For one, the cost, which can approach a capital investment of $60 million per fleet, or a 40% premium versus a standard legacy spread. Secondly, well stimulation providers have had success with bridge technologies such as dual-fuel kit adaptions on existing engines. Dual fuel is also available for the new low emission Tier 4 engines that will power pumping units. That said, a majority of dual-fuel pressure pumping  units located outside the gas-rich basins continue to run on diesel. Several vendors also have created legacy fleet modifications that reduce wellsite noise. In other words, existing technology and/or retrofits meet some of the advantages to the electric fleets.
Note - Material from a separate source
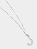 Expertly crafted in Sterling Silver, this “J” initial pendant on a chain catches the light with pavé set Cubic Zirconia.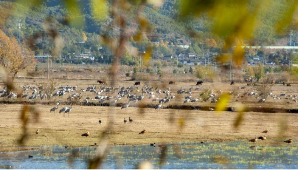 目前,保護(hù)區(qū)內(nèi)記錄到鳥類達(dá)341種,其中國(guó)家重點(diǎn)保護(hù)鳥類69種,以冬候鳥為核心特色。每年冬季黑鸛、灰鶴、斑頭秋沙鴨等珍稀鳥類翩躚而至,共同繪就“萬鳥翔集,湖光山色” 的生態(tài)盛景。在這里,你既能邂逅候鳥凌波起舞的靈動(dòng)身姿,亦能沉浸式感受納西文化與濕地生態(tài)交融的獨(dú)特魅力。

Consequently, a majority of the major stimulation providers are hesitant to move forward because the economics of fleet conversion currently do not make sense in a financially constrained oil services sector. Beyond economic considerations, several stimulation providers are looking at challenges presented by a buffet of systems that have yet to congeal into a generally accepted architecture as the technology moves beyond the prototype phase.

Most major stimulation service providers promise to be fast followers for the technology but await a future where customers underwrite the electric fleet conversion. Although E&P companies like the “e-frac” promise, most are struggling to hit free cash flow neutrality and are budgetarily incapable of underwriting the transition.